(Dataset excerpts)
::::::
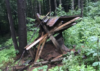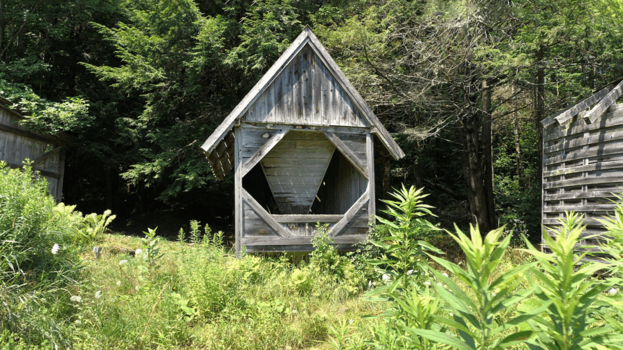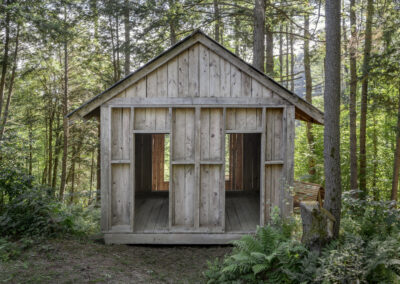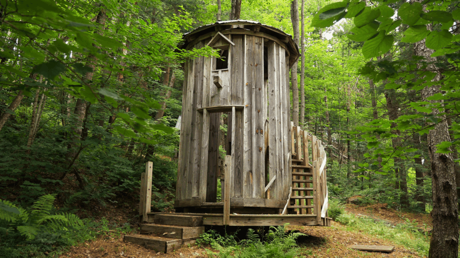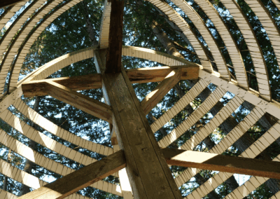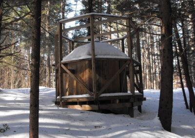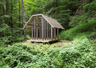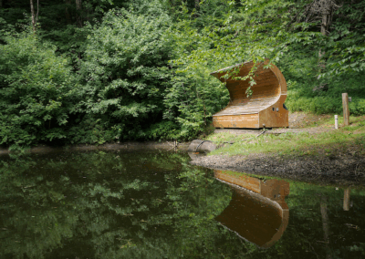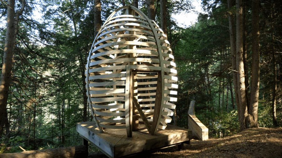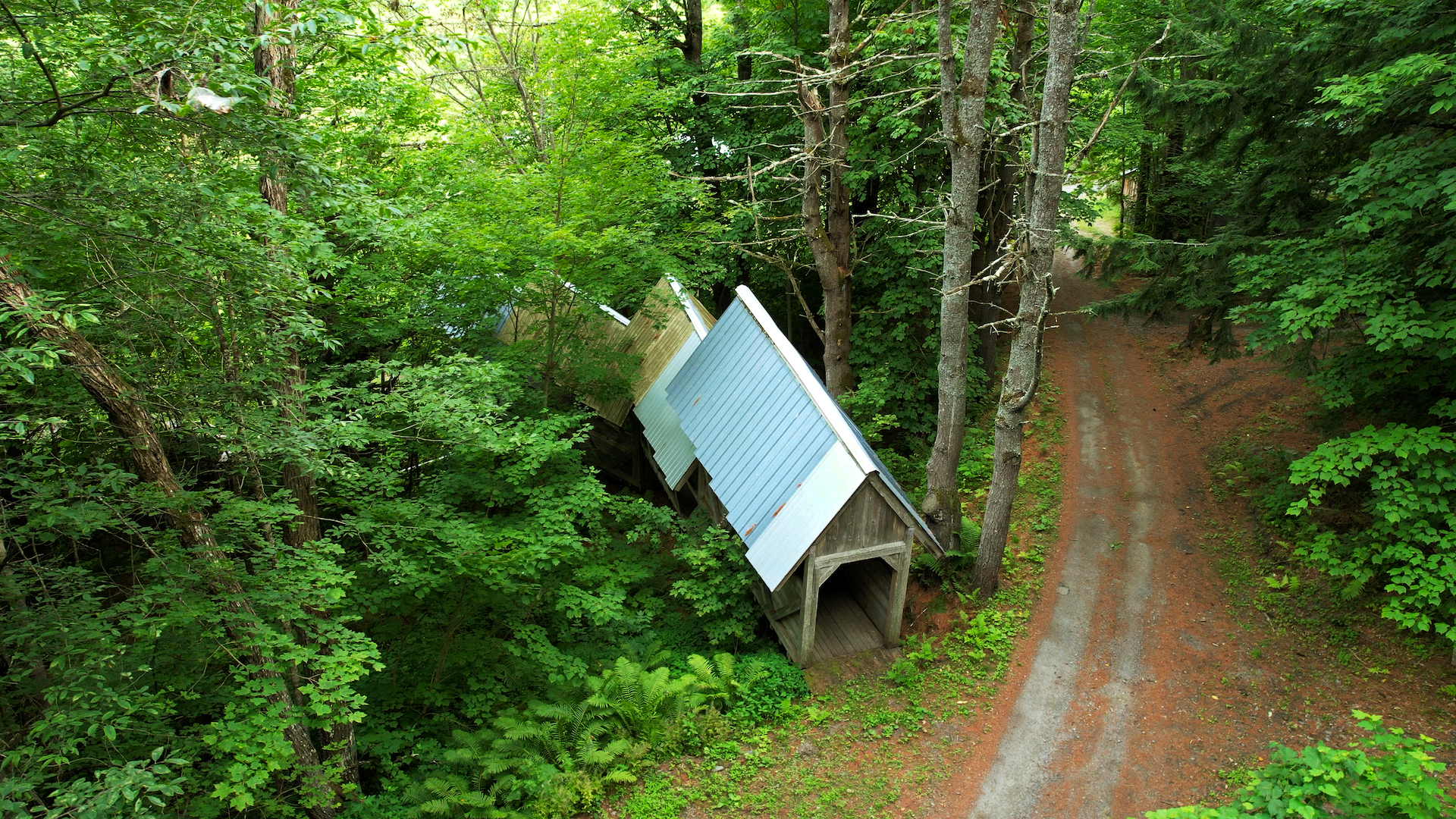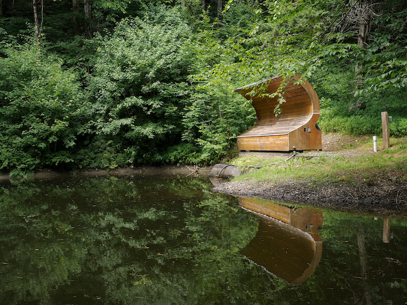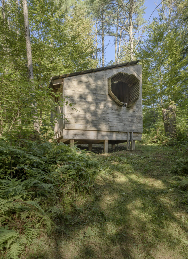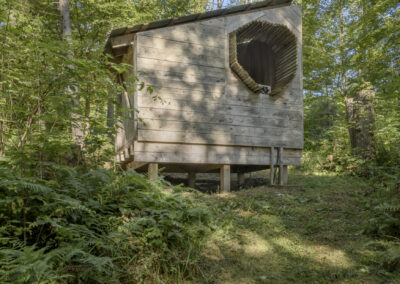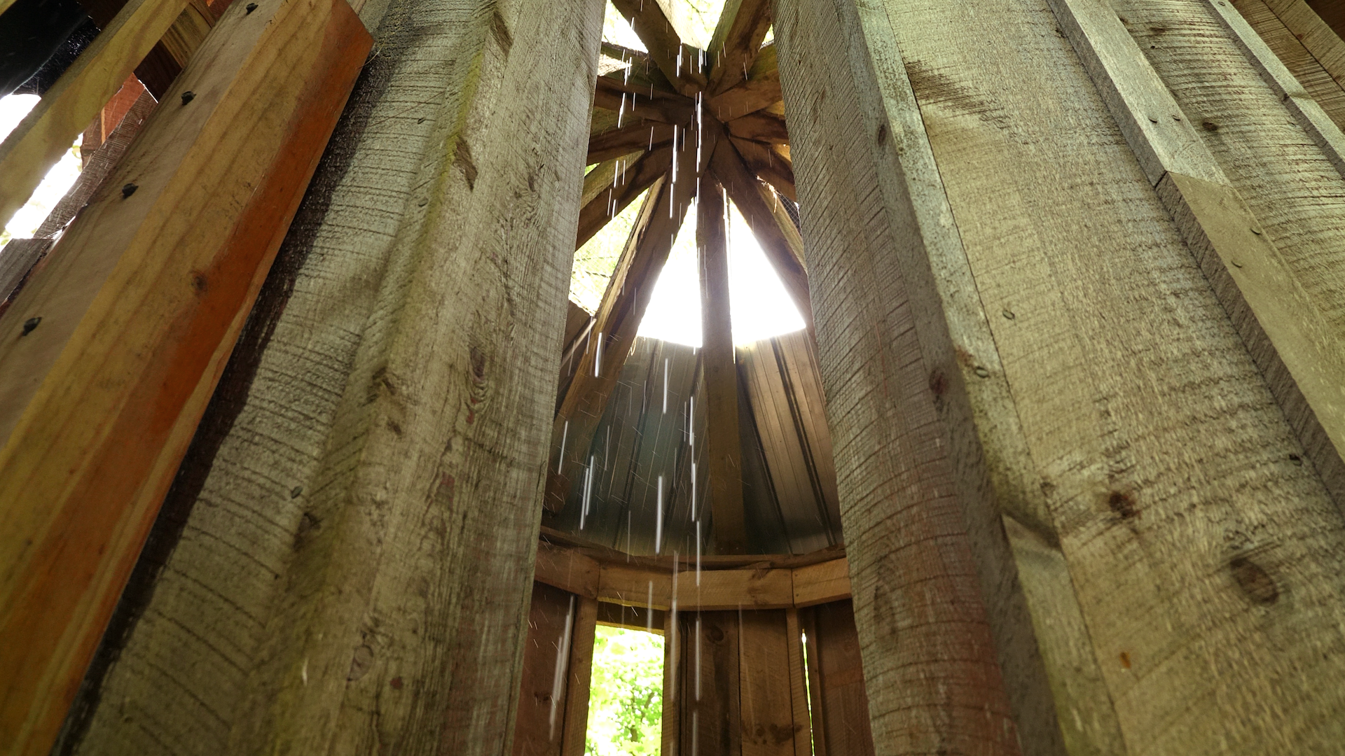 Vermont Village installations were built between the years 1991-2020. Many are activated by water that is gravity fed from a pond with sensors, valves, misters, and sprinklers controlling the flow. Though primarily constructed using hemlock wood sewn from fallen trees, some installations have been restored over time using pressurized wood and galvanized metal. Now, when an installation is rebuilt, moisture-resistant black locust wood is used.
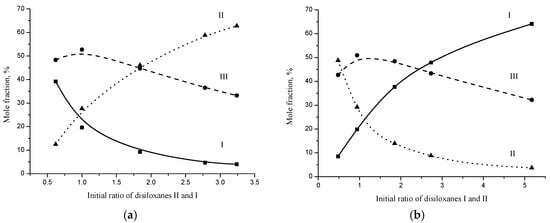 Composition of the reaction mixture (after 6 h at 60 °C) at different initial molar ratios of symmetric disiloxanes (a—II/I, b—I/II) according to GLC data (numbers I–III correspond to the structures in Figure 1).
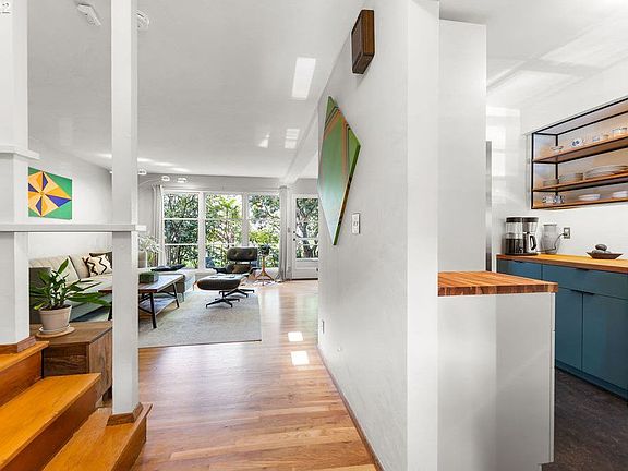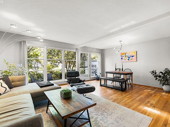 Stunning Mid-Century Townhome steps to Rose City Park - This beautiful 2 bed, 1 bath unit is move-in ready! Open floor plan w/updated kitchen including SS appliances, BI-Dishwasher & Butcher block Countertops. Watch the sun dance off the hardwood floors all day with ample natural light. Two beds up, one w/built-in bookshelves & W/D. Enjoy time on the private patio & strolls through the beautiful grounds. HOA covers W/S/G, heat, landscaping, ext. maint & mgmt. Electricity avg.'s $20/MO!
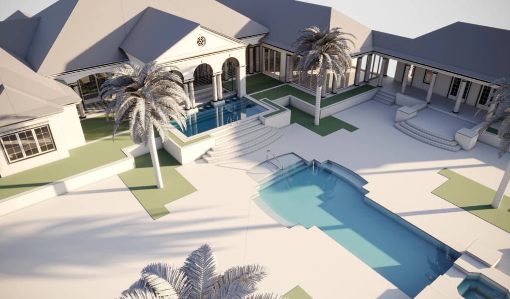 The second step in creating CGI exterior renderings is producing clay renders, which focus purely on the geometry of the 3D model without any textures or colors applied. This allows the client to examine the building’s form, layout and how it fits within its surroundings. It is a critical step for identifying any proportional issues or mistakes before proceeding to the final image.
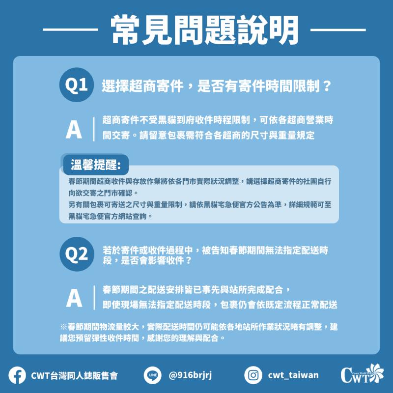 春節期間若於寄件或收件過程中,被告知無法指定配送時段,包裹仍將依既定流程正常配送。
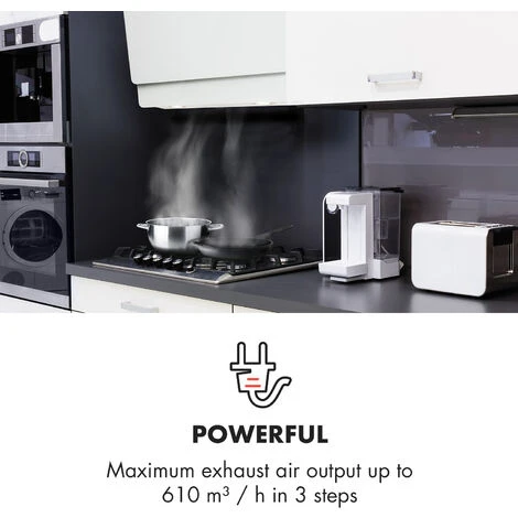 A MODE FOR BREAKFAST, LUNCH & TEA: With three modes to choose from, this stainless steel fan for kitchens with a powerful 607m³/h airflow rate has fan speed for every type of cooking. Let our vent hoods improve the air quality while removing odours.
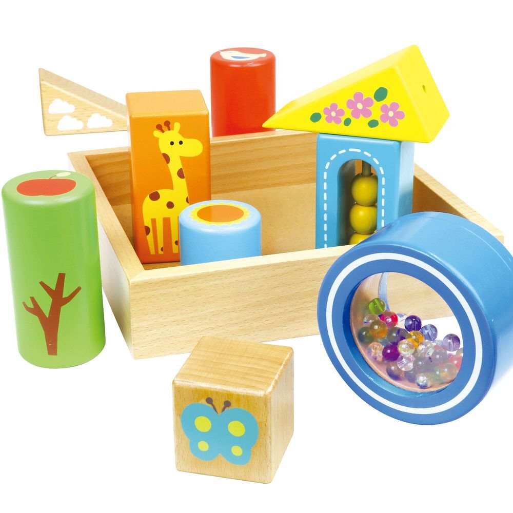 振ると音が鳴るかわいいつみきです。リンリン(鈴)、カラカラ(木玉)、シャカシャカ(ビーズ)と異なる3種類の音を楽しめ、聴覚を含めた多様な感覚を育むことができます。ビーズや木玉は動きが見えて視覚的にも楽しいものになっています。さらに基尺がそろっているため、並べたり積んだりする動作もスムーズです。初めてのおもちゃにも最適な大きめサイズで、小さな手にもぴったりフィットします。全てのパーツは面取り加工済みの角丸設計で、安心安全にお使いいただけます。木箱付きでパズル感覚でお片付けが楽しめます。ラッピング袋付きでギフトとしてもおすすめです。
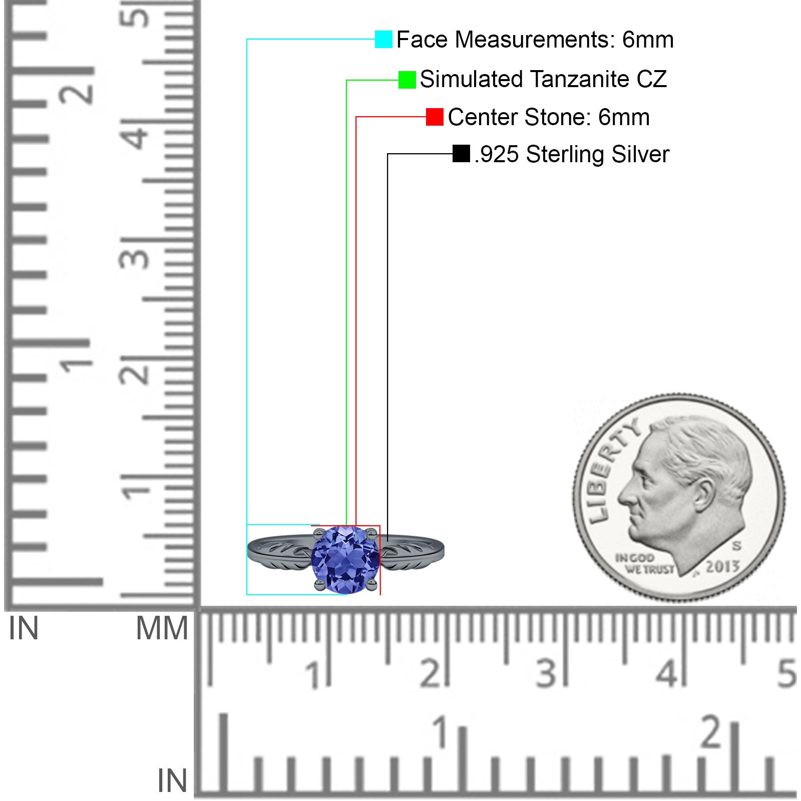 Art Deco Round Tanzanite CZ leaf Solitaire Ring 925 Sterling Silver
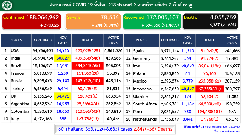 ขณะที่สถานการณ์ทั่วโลกพบผู้ป่วยเพิ่ม 390,026 ราย รวม 188,066,962 ราย อาการหนัก 78,536 ราย หายป่วย 172,005,107 ราย เสียชีวิต 4,055,759 ราย โดยสหรัฐอเมริกาพบผู้ป่วยเพิ่ม 14,715 ราย รวม 34,766,404 ราย เสียชีวิตเพิ่ม 129 ราย รวม 623,029 ราย อินเดีย พบเพิ่ม 30,827 ราย รวม 30,904,734 ราย เสียชีวิตเพิ่ม 546 ราย รวม 409,338 ราย บราซิล พบเพิ่ม 17,031 ราย รวม 19,106,971 ราย เสียชีวิตเพิ่ม 765 ราย รวม 534,311 ราย ส่วนไทยอยู่ในอันดับที่ 60 ของโลก
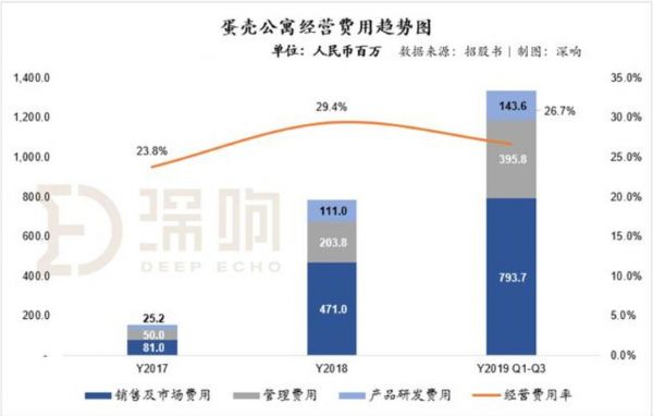 在经营费用方面,公司在2019年前9个月经营费用率为26.7%,相比较2018年呈现下降趋势,这也进一步体现蛋壳在保证扩张速度的基础上,持续提升内部经营效率。
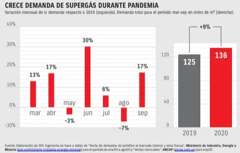 En primer lugar, se presenta el caso del gas licuado de petróleo (GLP) o más conocido como supergás. Utilizado por el 91% de los hogares para cocción de alimentos y por el 24% para calefaccionar las viviendas, según la Encuesta Continua de Hogares 2019 del Instituto Nacional de Estadística (INE), durante los meses de pandemia la demanda de supergás creció 9% si se la compara con los registros de 2019 y 9,6% con los del quinquenio 2015 a 2019, siendo el único energético que registró un crecimiento en la demanda, según SEG.
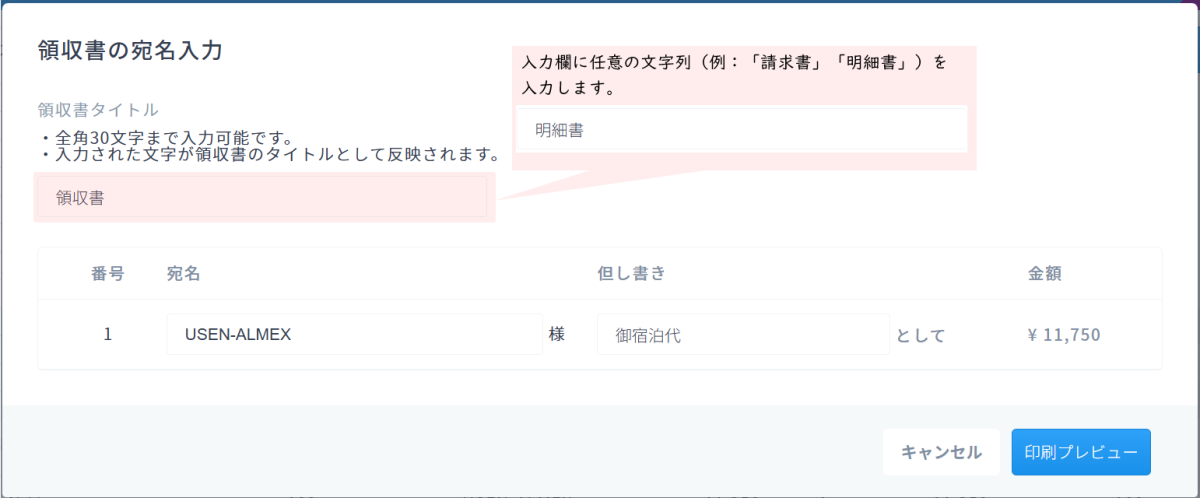 領収書の宛名入力画面に、タイトルを編集できる入力欄が追加されます。
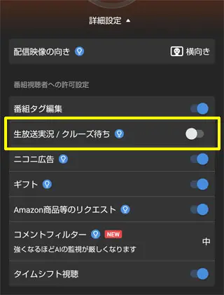 「詳細設定」をひらくと、「生放送実況/クルーズ待ち」という項目があるので、この項目をオフにしてから放送を開始するとクルーズが来なくなります。
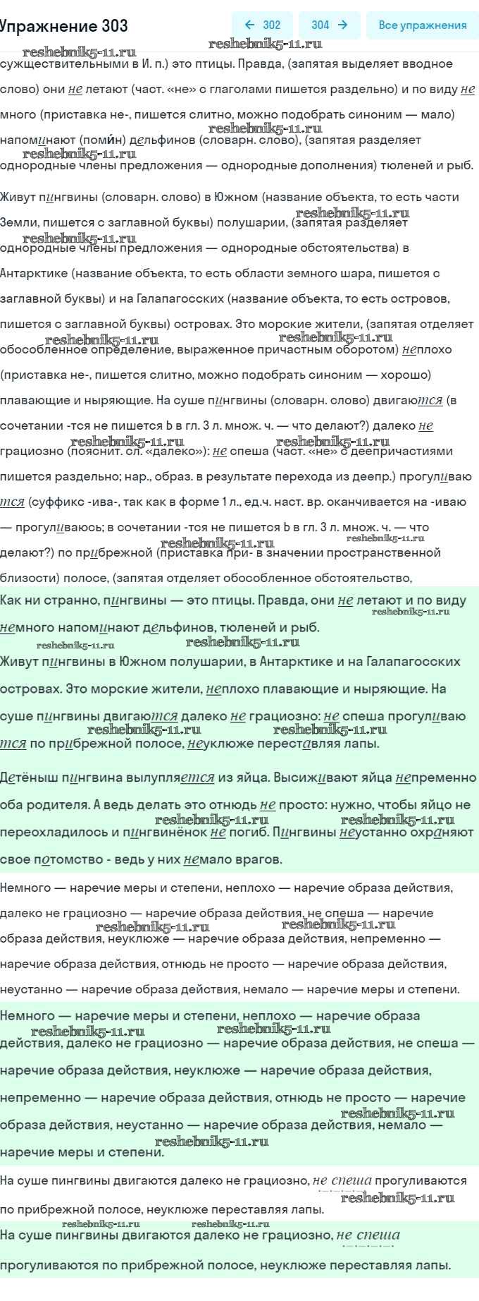 Готовая домашняя работа с ответами по Русскому языку за 7 класс Рыбченкова, Александрова, Загоровская, Нарушевич, Вакурова Учебник Просвещение 2016 ФГОС - Упражнения 303
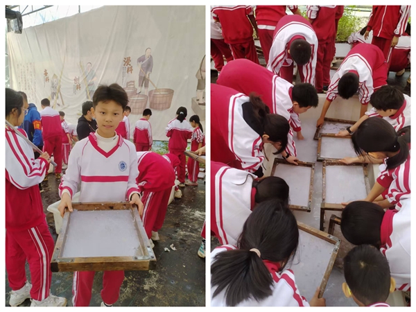 上午十一时,师生转入非物质文化遗产体验区,开展古法造纸实践课程。该课程以东汉蔡伦造纸工艺为蓝本,配备了完整的传统造纸工具组,包括纸浆池、抄纸帘、压纸板及晾晒架等设施。现场指导人员介绍了古法造纸的方法流程,提醒孩子们抄纸成型时“入水角度、匀速起帘、均匀震荡”等关键技术动作。实际操作中,学生每人一个抄纸帘,他们用纸帘从纸浆池中抄起薄薄一层纸浆,轻轻晃动让纤维均匀分布,最后脱水晾干,看似简单的过程,实际操作却需要极大地耐心和技巧。学生在动手实践中同步了解了造纸术对人类文明发展的重要意义。
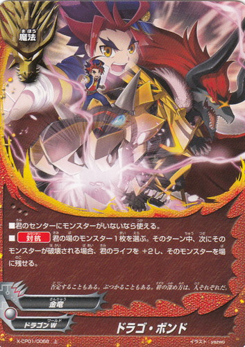 ![]() ![]() | X-CP01/0066 ドラゴ・ボンド 魔法 バッツ キャラクターパック 第1弾 めっちゃ!!100円ドラゴン 上 ワールド:ドラゴンW 属性:金竜 ■君のセンターにモンスターがいないなら使える。 ■【対抗】君の場のモンスター1枚を選ぶ。そのターン中、次にそのモンスターが破壊される場合、君のライフを+2し、そのモンスターを場に残せる。 否定することもある。ぶつかることもある。絆の深め方は、人それぞれだ。 イラスト:yazwo |
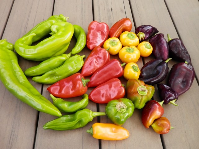 Nog een vrolijk plaatje tot slot… de eerste grote paprika oogst! De groene puntpaprika’s zijn natuurlijk niet rijp en minder lekker, maar die gebruik ik altijd in een stoofpotje. De paarse ( ras Macho) zijn overigens ook onrijp, ze zouden moeten kleuren naar diep rood. Vooral de gele ( ras Doe Hill) zijn superlekker.
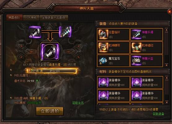进度值满,装备就可以进阶成功了,成功后,装备的属性将会有较大幅度的提升。如果装备不够的话,可以使用装备精华提升进阶进度值
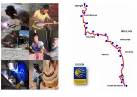 Le GR®300, itinéraire secondaire de Saint-Jacques-de-Compostelle, traverse le Bocage Bourbonnais du nord au sud, d'Agonges à Châtel-de-Neuvre, ce tronçon est ornée de sculptures.Le sentier de sculptures accueillera à terme une cinquantaine d'œuvres sur une partie du GR®300, chemin de Compostelle qui traverse le département de l'Allier. Sur ce parcours de 41 km entre Agonges et Châtel-de-Neuvre, plus de vingt sculptures sont déjà été installées. Chaque artiste a réalisé sa sculpture sur la place de village pendant une semaine d'atelier avec l'aide d'un jeune stagiaire, issu du territoire, qui participe ainsi au processus créatif.
::::::
Above are some records; extract exactly the lines from the one containing "Composition of the" through the one containing "Art Deco Round" and drop the pictures.

**Expected output:**
 Composition of the reaction mixture (after 6 h at 60 °C) at different initial molar ratios of symmetric disiloxanes (a—II/I, b—I/II) according to GLC data (numbers I–III correspond to the structures in Figure 1).
 Stunning Mid-Century Townhome steps to Rose City Park - This beautiful 2 bed, 1 bath unit is move-in ready! Open floor plan w/updated kitchen including SS appliances, BI-Dishwasher & Butcher block Countertops. Watch the sun dance off the hardwood floors all day with ample natural light. Two beds up, one w/built-in bookshelves & W/D. Enjoy time on the private patio & strolls through the beautiful grounds. HOA covers W/S/G, heat, landscaping, ext. maint & mgmt. Electricity avg.'s $20/MO!
 The second step in creating CGI exterior renderings is producing clay renders, which focus purely on the geometry of the 3D model without any textures or colors applied. This allows the client to examine the building’s form, layout and how it fits within its surroundings. It is a critical step for identifying any proportional issues or mistakes before proceeding to the final image.
 春節期間若於寄件或收件過程中,被告知無法指定配送時段,包裹仍將依既定流程正常配送。
 A MODE FOR BREAKFAST, LUNCH & TEA: With three modes to choose from, this stainless steel fan for kitchens with a powerful 607m³/h airflow rate has fan speed for every type of cooking. Let our vent hoods improve the air quality while removing odours.
 振ると音が鳴るかわいいつみきです。リンリン(鈴)、カラカラ(木玉)、シャカシャカ(ビーズ)と異なる3種類の音を楽しめ、聴覚を含めた多様な感覚を育むことができます。ビーズや木玉は動きが見えて視覚的にも楽しいものになっています。さらに基尺がそろっているため、並べたり積んだりする動作もスムーズです。初めてのおもちゃにも最適な大きめサイズで、小さな手にもぴったりフィットします。全てのパーツは面取り加工済みの角丸設計で、安心安全にお使いいただけます。木箱付きでパズル感覚でお片付けが楽しめます。ラッピング袋付きでギフトとしてもおすすめです。
 Art Deco Round Tanzanite CZ leaf Solitaire Ring 925 Sterling Silver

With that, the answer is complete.